Copy out the listing that follows, exactly, without its pictures.

→ **EXERCISE DATA**
== Segment start ==

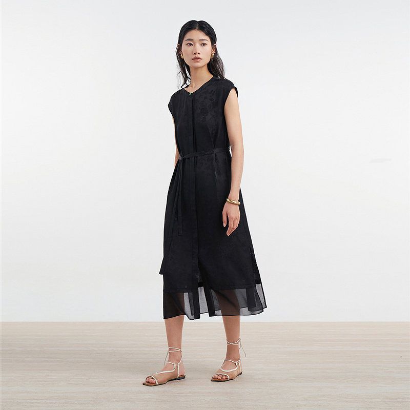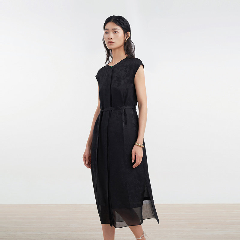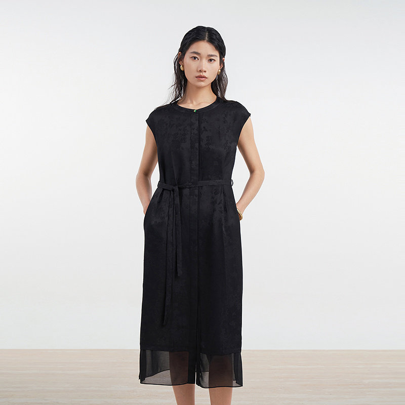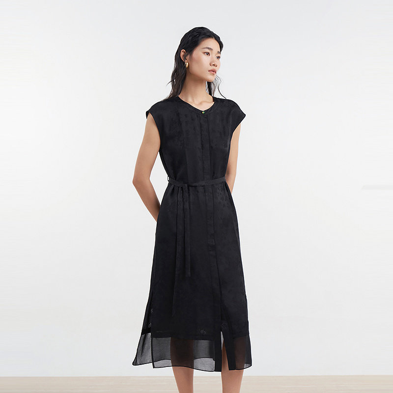 [专柜同款]Yifini/易菲真丝花罗优雅气质盖袖连衣裙女D05Y1620
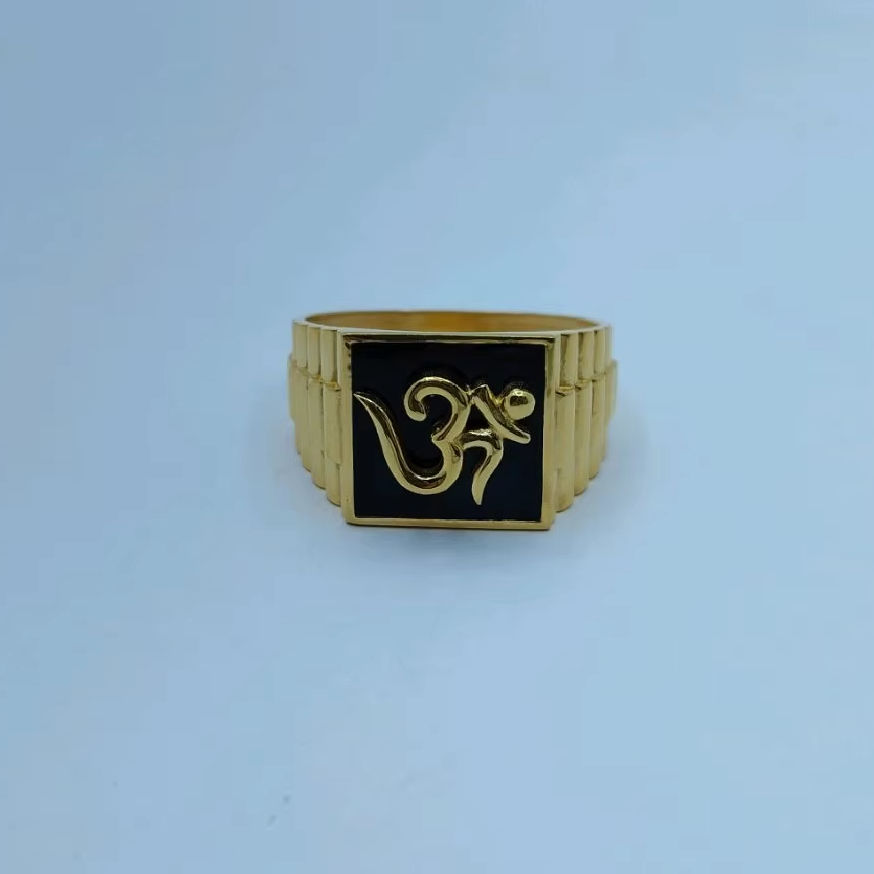 Bague Chevalière Om Spirituelle en Or 22K, Symbole Religieux, Incrustation Émail Noir, Bijou Hindou en Or Pur, Bague Dévotionnelle pour Homme, Vente en Gros
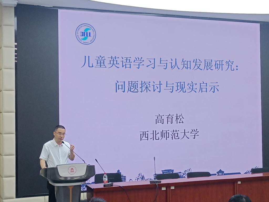 7月7日上午,西北师范大学外国语学院院长高育松教授在育心楼109报告厅作了题为“儿童英语学习与认知发展研究:问题探讨与现实启示”的学术报告。报告由外国语学院副院长姚小淑主持,外国语学院师生共180余人聆听了报告。

== Segment end ==

→ **RESPONSE FOR THIS EXERCISE**
 [专柜同款]Yifini/易菲真丝花罗优雅气质盖袖连衣裙女D05Y1620
 Bague Chevalière Om Spirituelle en Or 22K, Symbole Religieux, Incrustation Émail Noir, Bijou Hindou en Or Pur, Bague Dévotionnelle pour Homme, Vente en Gros
 7月7日上午,西北师范大学外国语学院院长高育松教授在育心楼109报告厅作了题为“儿童英语学习与认知发展研究:问题探讨与现实启示”的学术报告。报告由外国语学院副院长姚小淑主持,外国语学院师生共180余人聆听了报告。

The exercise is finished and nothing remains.